──────── Data supplied ────────
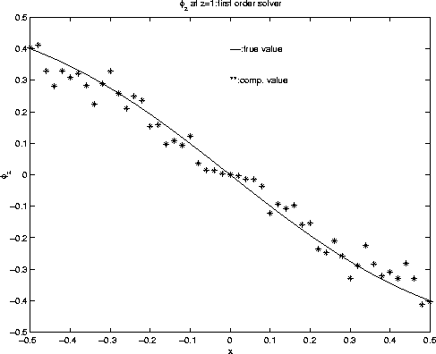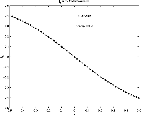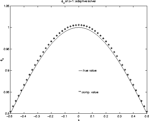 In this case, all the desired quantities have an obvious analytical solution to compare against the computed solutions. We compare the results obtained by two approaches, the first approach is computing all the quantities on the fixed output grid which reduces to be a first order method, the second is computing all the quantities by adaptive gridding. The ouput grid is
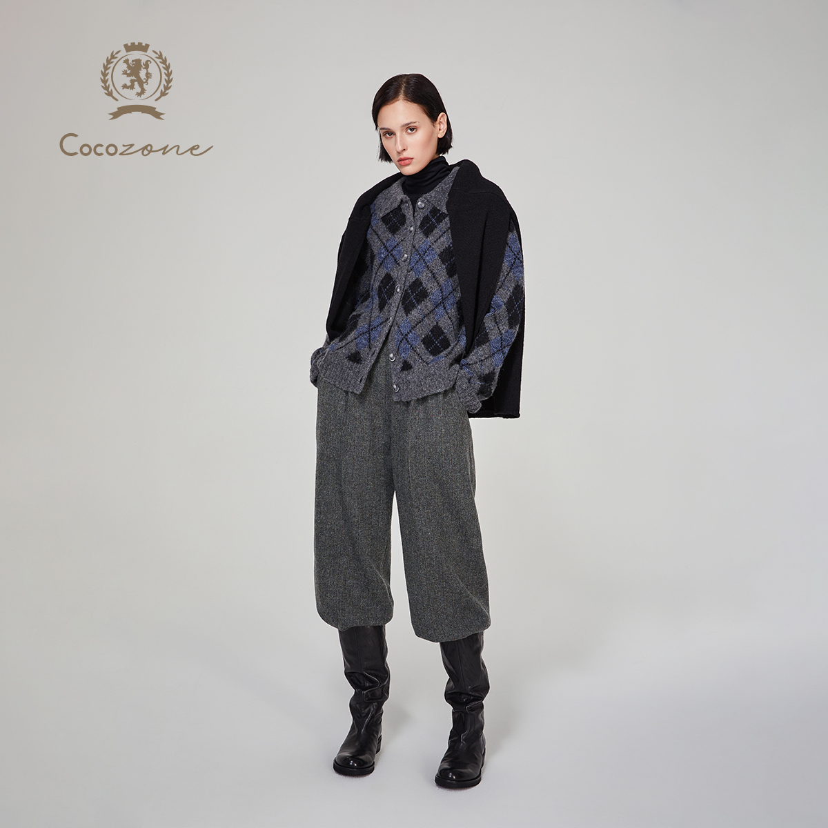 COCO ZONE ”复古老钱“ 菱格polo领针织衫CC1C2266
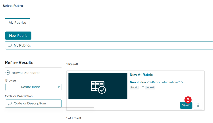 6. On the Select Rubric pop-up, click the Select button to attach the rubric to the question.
────────
──────── Data supplied ────────
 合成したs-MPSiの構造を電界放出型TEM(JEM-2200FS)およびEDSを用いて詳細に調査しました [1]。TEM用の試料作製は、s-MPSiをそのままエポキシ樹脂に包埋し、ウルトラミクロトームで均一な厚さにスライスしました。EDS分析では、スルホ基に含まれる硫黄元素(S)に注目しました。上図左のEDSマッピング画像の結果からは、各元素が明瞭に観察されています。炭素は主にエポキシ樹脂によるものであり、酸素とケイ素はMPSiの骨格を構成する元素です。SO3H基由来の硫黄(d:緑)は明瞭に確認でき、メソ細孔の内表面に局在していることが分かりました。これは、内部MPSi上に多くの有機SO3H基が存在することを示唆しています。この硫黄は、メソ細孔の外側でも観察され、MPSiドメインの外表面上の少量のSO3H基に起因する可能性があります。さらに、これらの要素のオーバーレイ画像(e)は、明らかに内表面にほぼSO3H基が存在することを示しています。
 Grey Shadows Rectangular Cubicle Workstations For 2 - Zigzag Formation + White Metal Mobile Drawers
────────
──────── Data supplied ────────
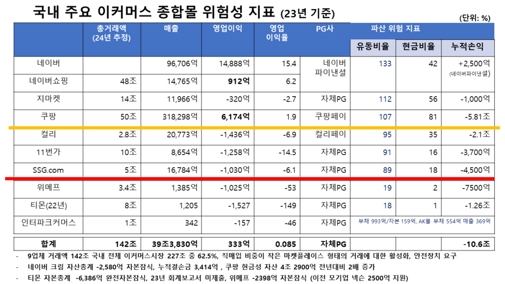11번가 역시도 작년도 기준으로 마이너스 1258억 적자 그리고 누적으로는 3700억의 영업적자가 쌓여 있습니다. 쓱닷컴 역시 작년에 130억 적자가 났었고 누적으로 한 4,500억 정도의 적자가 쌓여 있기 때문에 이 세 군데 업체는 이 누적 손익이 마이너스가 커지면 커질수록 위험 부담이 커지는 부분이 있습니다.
────────
Print exactly the lines of the listing above starting at the line containing "合成したs-MPSiの構造を" and ending at the line containing "Grey Shadows Rectangular", both included.

> [Answer for this exercise]:
 合成したs-MPSiの構造を電界放出型TEM(JEM-2200FS)およびEDSを用いて詳細に調査しました [1]。TEM用の試料作製は、s-MPSiをそのままエポキシ樹脂に包埋し、ウルトラミクロトームで均一な厚さにスライスしました。EDS分析では、スルホ基に含まれる硫黄元素(S)に注目しました。上図左のEDSマッピング画像の結果からは、各元素が明瞭に観察されています。炭素は主にエポキシ樹脂によるものであり、酸素とケイ素はMPSiの骨格を構成する元素です。SO3H基由来の硫黄(d:緑)は明瞭に確認でき、メソ細孔の内表面に局在していることが分かりました。これは、内部MPSi上に多くの有機SO3H基が存在することを示唆しています。この硫黄は、メソ細孔の外側でも観察され、MPSiドメインの外表面上の少量のSO3H基に起因する可能性があります。さらに、これらの要素のオーバーレイ画像(e)は、明らかに内表面にほぼSO3H基が存在することを示しています。
 Grey Shadows Rectangular Cubicle Workstations For 2 - Zigzag Formation + White Metal Mobile Drawers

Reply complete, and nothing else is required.